Cholesterol Depletion Blocks TβRIII Internalization and Down-regulation—Given that there was no affect of blocking the clathrin-dependent pathway on receptor down-regulation (Fig. 6, A and B) and we did see association of TβRIII with markers of the clathrin-independent pathway (Fig. 4), we examined whether the clathrin-independent/lipid raft endocytic pathway was involved in receptor down-regulation, as has been previously established for TβRI and TβRII (8). Accordingly, 125I-labeled TGF-β1 binding and cross-linking was performed to examine TβRIII down-regulation in the presence of nystatin, a cholesterol-sequestering drug. Nystatin is a commonly employed tool used to block lipid raft-mediated endocytosis, and although it can have off-target effects at high concentrations, the concentrations we utilized have been shown previously to not affect clathrin-coated pits or clathrin-mediated endocytosis (45–47). In the absence of nystatin, 26% of 125I-labeled TGF-β1 cross-linked TβRIII was down-regulated after 5 h at 37 °C. However, in the presence of 25, 50, or 100 μg/ml nystatin, there was an inhibition of TβRIII down-regulation, with only 12, 0.3, and 3% down-regulation, respectively. Importantly, the addition of cholesterol to samples containing nystatin was able to rescue down-regulation, restoring levels to base line, reaching 24, 18, and 22% down-regulation with 25, 50, or 100 μg/ml nystatin + 0.25 mm cholesterol, respectively (Fig. 6C). Taken together, this data supports a role for lipid-raft mediated endocytosis in TβRIII trafficking and down-regulation.

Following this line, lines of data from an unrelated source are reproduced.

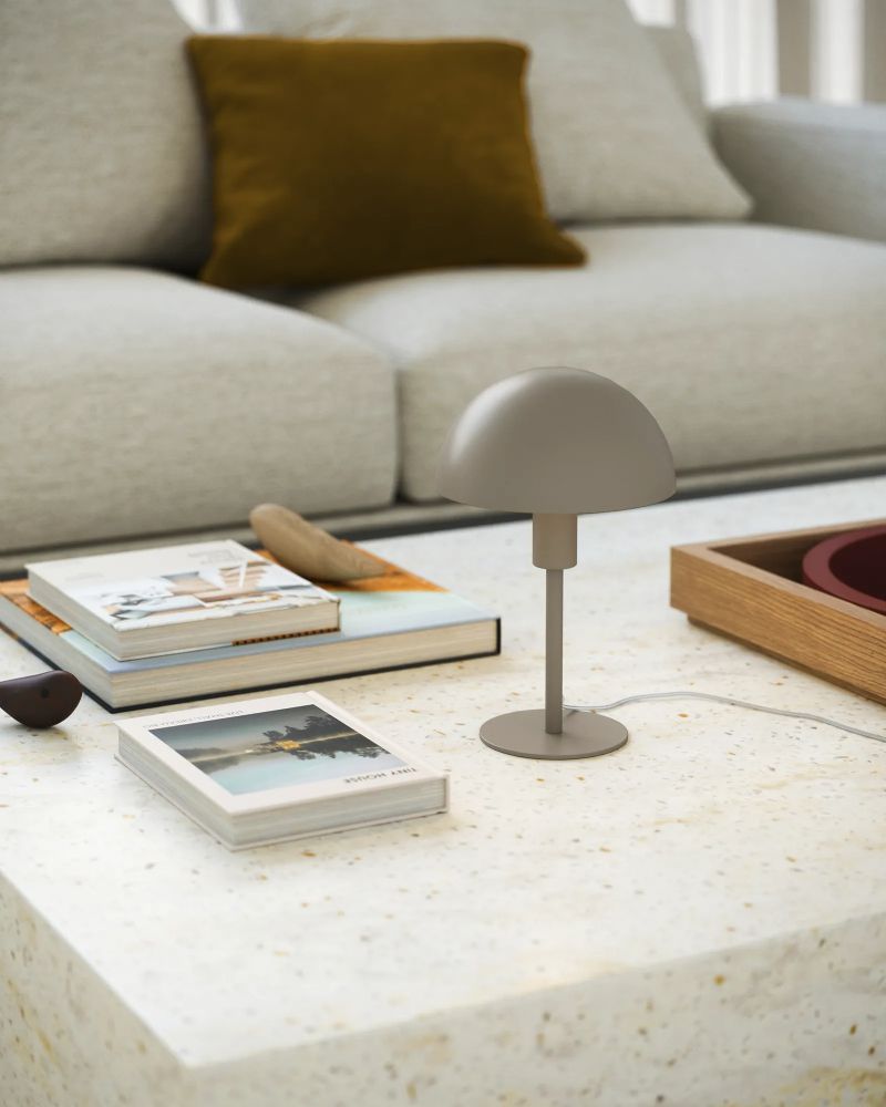Med sine enkle og tidløse detaljer er Ellen Mini bordlampen den perfekte lampe til børneværelset, vindueskarmen, hylden eller andre steder, hvor du ønsker at skabe et behageligt og blødt lys. Lampen er lavet i lakeret metal og fås - ud over denne lyse brune - i flere farver, så du kan vælge den farve, der passer bedst til dit hjem og din stil.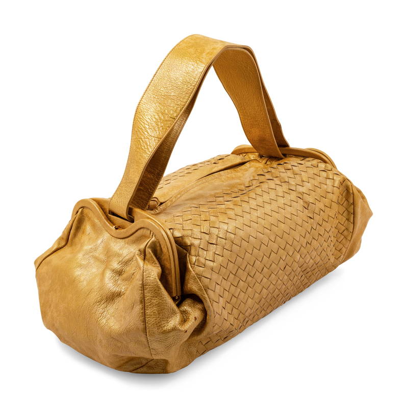 Marbled gold leather intrecciato with goldtone hardware and a wide flat shoulder strap, one central compartment with interior zip pocket and top zip closure, two end compartments framed with kiss-lock closures, beige suede interior lining. Together with a dustbag.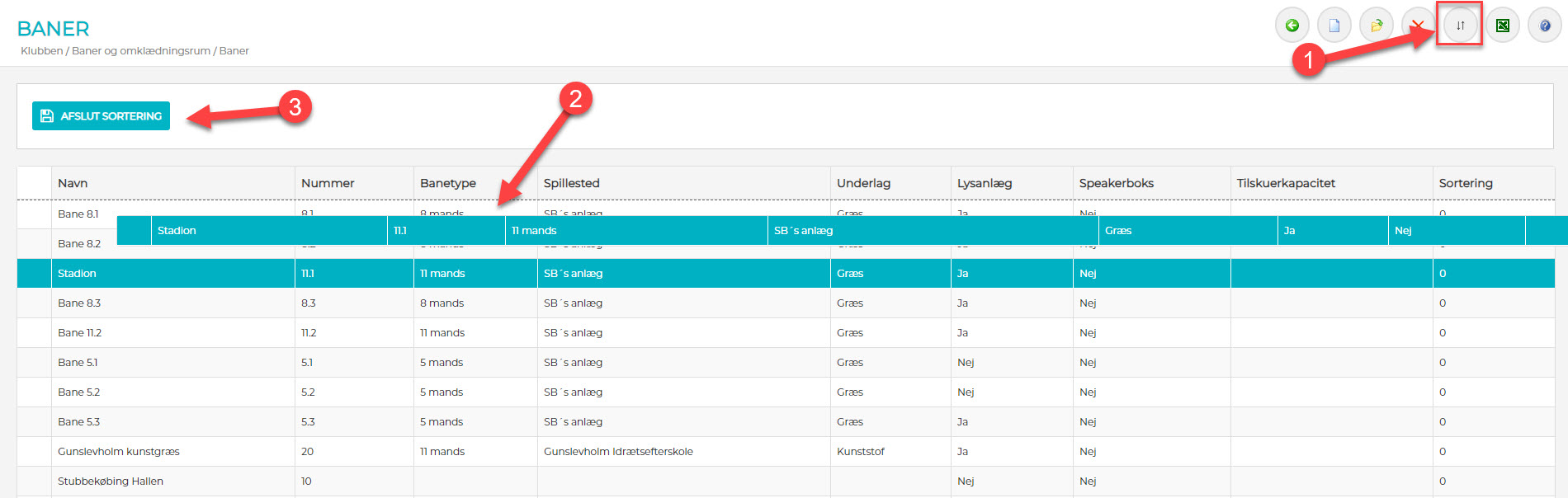 - Drag and drop de enkelte baner til den placering i sorteringen som der ønskes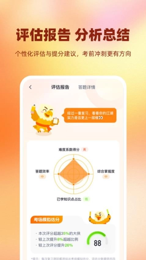 智能算法能够实时处理用户的答题数据,主动定位其知识短板,并制定出个性化的强化训练计划,从而使备考过程更具精准性与高效性。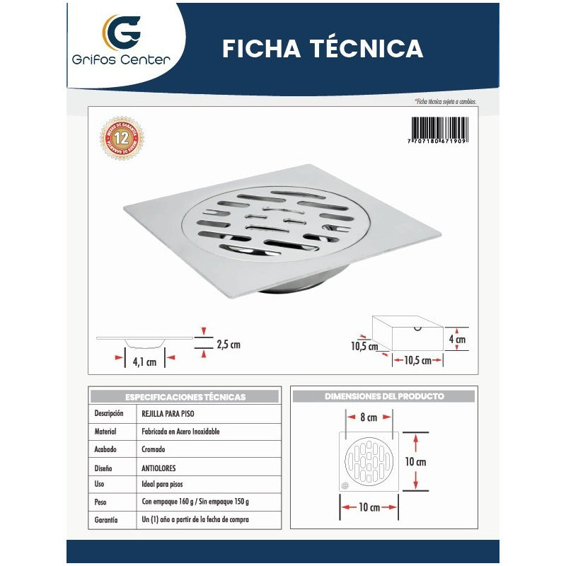 REJILLA PARA PISO EN ACERO INOXIDABLE, TAMAÑO 10CM X 10CM -Fabricada en acero inoxidable -Antiolores -Venta factura régimen común. -También contamos con variedad de tonos. -Somos fabricantes de sus ideas. ----SE REALIZA ACABADO (ANTIGUO) A TODA CLASE DE GRIFERÍAS NUEVAS O USADAS----- ¿Generan factura legal y electrónica? Si. generamos factura legal con IVA , somos régimen común y realizamos facturación electrónica. ¿Mi compra tiene garantía? Si. todos nuestros productos son nuevos y cuentan con garantía oficial. Se entregan en sus empaques o cajas. ¿Tiene punto de venta? Somos GRIFOS CENTER y tenemos nuestro punto de venta, puedes recoger tus productos directamente si deseas. ¿Dónde están ubicados? No solo somos tienda online, también tenemos tienda física con un amplio Stock de nuestros productos para envío inmediato, GRIFOS CENTER esta ubicado en el Norte de Bogotá podemos entregarte el mismo día dependiendo el producto y cantidad. •Recuerda que somos GRIFOS CENTER para mayor información •Puedes recoger en nuestro punto de venta. ¿ Son fabricantes? - Si, GRIFOS CENTER es fabricante directo de griferÍas VINTAGE (fabricando tus ideas y ofreciendo diferentes estilos de acabados para tu grifería). Además brindamos una amplia variedad de productos institucionales y para el hogar con la mejor calidad. ¿Ofrecen productos al por mayor? - Si, en GRIFOS CENTER contamos con un amplio inventario y variedad de productos para atender proyectos grandes como lo son las constructoras , hoteles , colegios y grandes superficies. ¿ Hacen envíos a nivel nacional? - Si GRIFOS CENTER realiza envíos a nivel nacional. ¿Se pueden retirar los productos en el punto de venta? Tenemos la posibilidad de retirar el producto en nuestro punto de venta o enviar por otra transportadora colocando recojo en el domicilio del vendedor este ultimo el comprador cancela el envio cuando llegue el producto. ¿Qué garantías manejan? -Según la referencia comprada generalmente tiene garantía de 1 año donde nos podrás informar cualquier inconveniente ----------------------SOMOS IMPORTADORES CON MARCA PROPIA---------------------------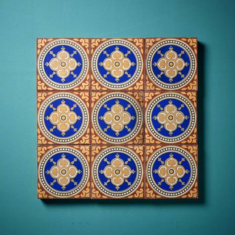 This set of nine reclaimed tiles could be used in a number of ways including a decorative panel or a vibrant splashback for a vintage kitchen. We are selling various sets of these tiles in panels of nine as pictured which could be used together as floor tiles.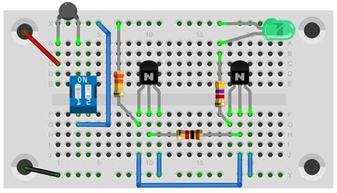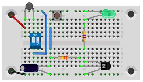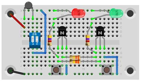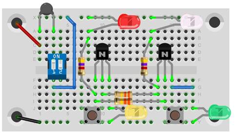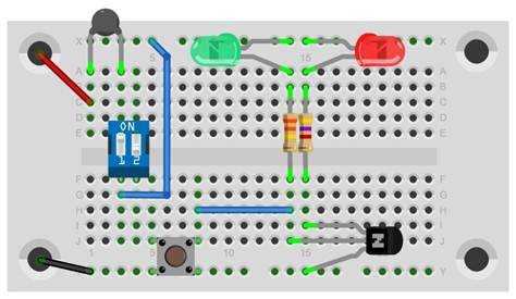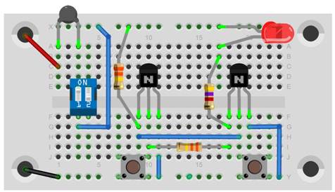 Widerständen. Mit den beiden Tastern kannst dudie LED ein- und ausschalten.

Clathrin-independent TβRIII Endocytosis Is Important for Smad-dependent and -independent Signaling—A major function of endocytosis is regulation of downstream signaling, resulting in either receptor degradation and down-regulation of signaling or increasing signaling through unclear mechanisms. To explore what effect TβRIII endocytosis through both clathrin-dependent and -independent pathways had on downstream TGF-β signaling, we utilized the endogenous HepG2 system in which cells were either untreated (control) or treated with 50 μg/ml nystatin ± 0.25 mm cholesterol followed by TGF-β1 stimulation and assessment of Smad2 and p38 phosphorylation. Although high levels of basal Smad2 phosphorylation was observed in the untreated condition, likely due to autocrine TGF-β signaling, blocking clathrin-independent endocytosis with nystatin resulted in a decrease in both p-Smad2 and p-p38 (Fig. 7A). Importantly, these effects could be rescued by the addition of cholesterol (Fig. 7A, right panel).
FIGURE 7.
Clathrin-independent TβRIII endocytosis regulates TβRIII-mediated Smad-dependent and Smad-independent signaling. A, HepG2 cells were either untreated (UT) or treated with 50 μg/ml nystatin ± 0.25 mm cholesterol followed by a 10-min stimulation with the indicated concentrations of TGF-β1 and analyzed by Western blot for p-Smad2, p-p38, total Smad2, and total p-38. Blots are representative of three independent experiments. B, L6-Neo and L6-RIII cells were treated as described in A and blotted for p-Smad2, p-p38, total Smad2, and total p-38. Blots are representative of three independent experiments. C, L6-Neo, L6-RIII, and L6-RIIIΔcyto stable expressing cell lines were treated for 10 min with 0, 10, 50, or 100 pm TGF-β1 and analyzed by Western blot for p-p38 and total p38. Blots are representative of three independent experiments.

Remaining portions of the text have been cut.